A NEW GOVERNMENT AND NEW HOPES FOR IMPROVEMENT

As the problems of medical care indicate, the problems that plague the Moria camp are longstanding. Mansour is working next to the Greek officials who are running the camp.

He arrived at Moria at the height of the crisis in 2015, when the island was overwhelmed by incoming refugees, deployed to the United Nations High Commission for Refugees. He has poignant memories of burly Greek policemen and coastguard officers breaking down in tears as they struggled with threadbare means to rescue those arriving and, worst of all, trying to comfort parents of children that had drowned during the crossing.

Having worked in countries in North Africa and the Middle East, Mansour assumed that measures that needed to be taken at Moria would be much easier to get approved and implemented. But instead he came face to face with the slow moving labyrinthine Greek bureaucracy. And he discovered that it is more difficult to get things done in Greece, because while developing countries are only too happy to cede authority to agencies such as the United Nations High Commission for Refugees, Greece invokes its sovereignty and gets involved, which means results come slowly, if at all.

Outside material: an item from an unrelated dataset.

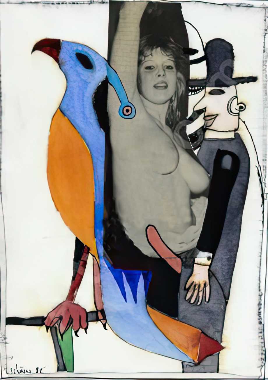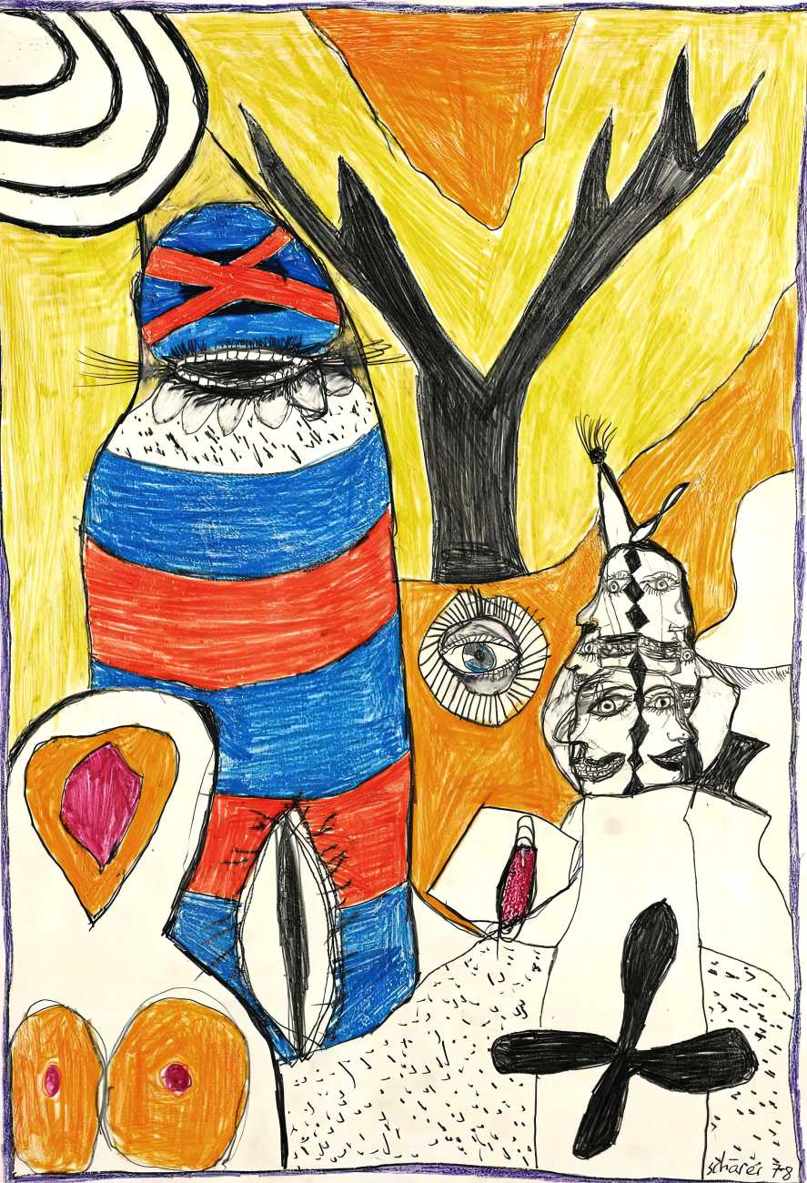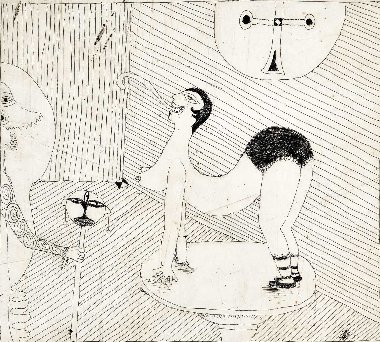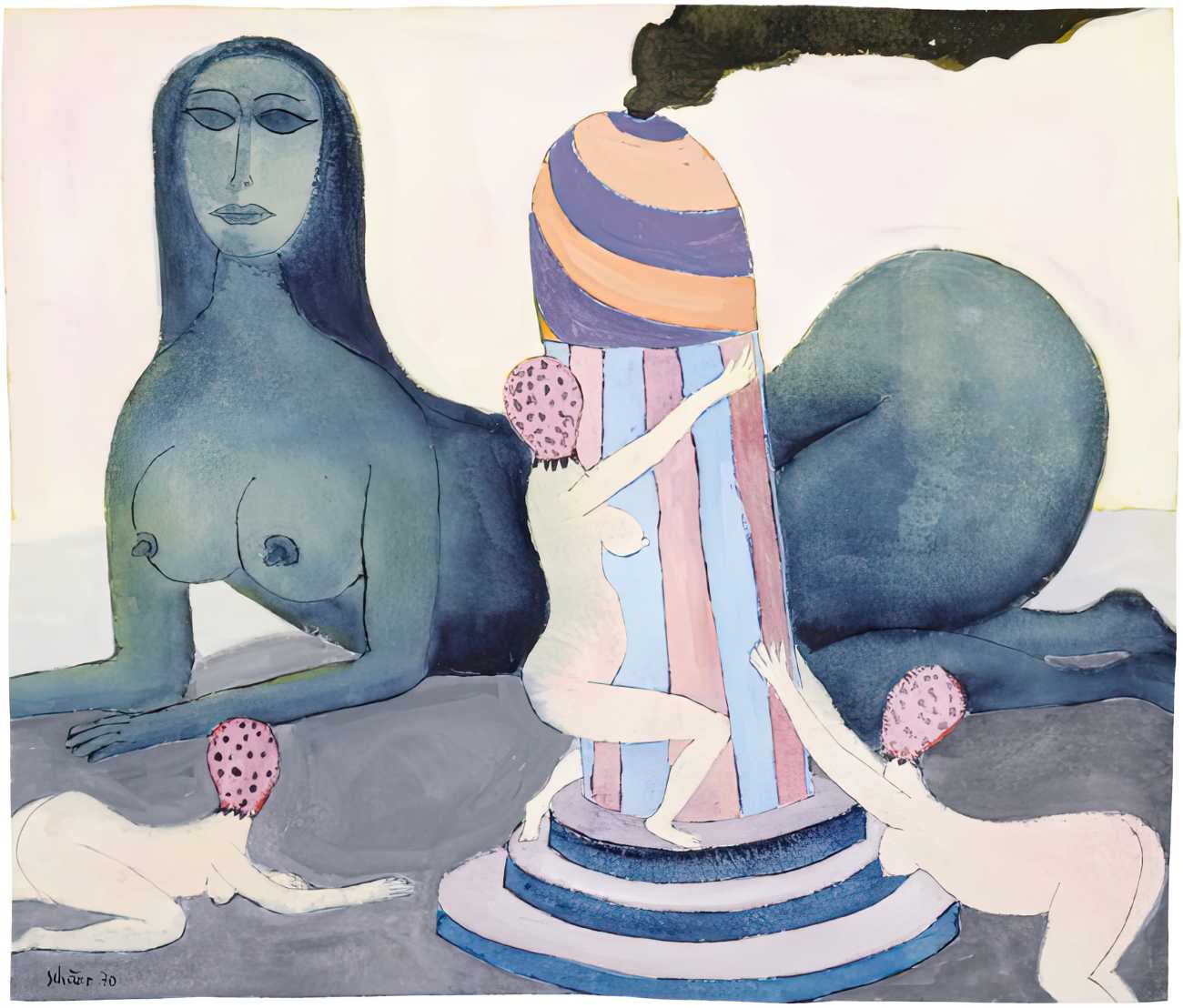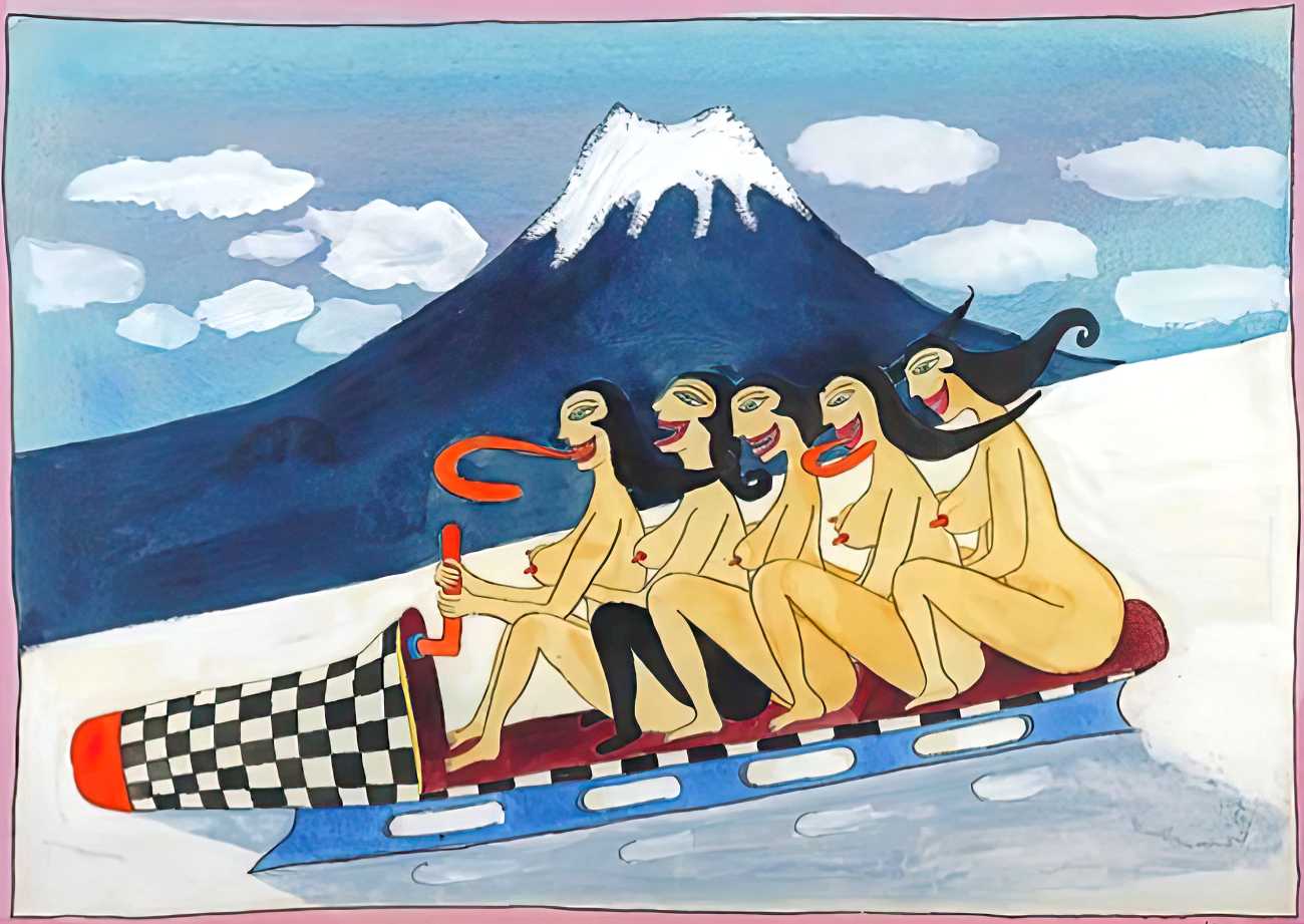 Hans Schärer’s erotic watercolours are joyfully carnivalesque scenes in which bodies lustfully cavort and play. In settings that suggest a circus or a garden of earthly delights, sensual statuesque women take pleasure in their own company and from diminutive male figures with penis-shaped red noses.

The new Greek government that emerged from the national elections of July 7th has signaled its intention to deal with the refugee issue on Lesvos and elsewhere in Greece. Only days after the election, the Minister for Citizen Protection Michalis Chrisochoidis visited Moria, and a few weeks later there were visits by Deputy Foreign Minister Antonis Diamataris and the Alternate Minister for Migration Policy Giorgos Koumoutsakos.

This show of commitment has filled the camp’s officials with hope that the longstanding problems the camp is facing will be addressed.

Less than a week after his visit, Koumoutsakos received a memorandum from the camp’s staff, signed by the president of their association Vasilis Ntavas, outlining the issues. They listed the problems they faced including the abysmal working conditions due to the increased influx of refugees, the lack of security in the camp because of the inadequate size of the police force on the site, the lack of medical staff, and the lack of translators.

They characterize the situation as urgent. Looking ahead to the winter, when the weather on Lesvos turns cold and damp with frequent rainfall, Patric Mansour is also concerned about the delays in the provision of so-called winterization supplies.

These include blankets, heaters, hygiene items, warm clothing, funding to repair heating units and run the generator that provides electricity to the tents. This was something else that the previous government apparently mishandled.

The European Union had provided the previous Greek government with sufficient funds to procure all necessary supplies for the upcoming winter, but there has been no word from official sources that anything has been done. The cost of those supplies ranges from 700,000 to one million Euros. Mansour says that something drastic needs to be done and is proposing that stocks available in United Nations and International Red Cross warehouses be sent directly to Greece.

Dr. Alexander Kitroeff is Associate Professor of History at Haverford College.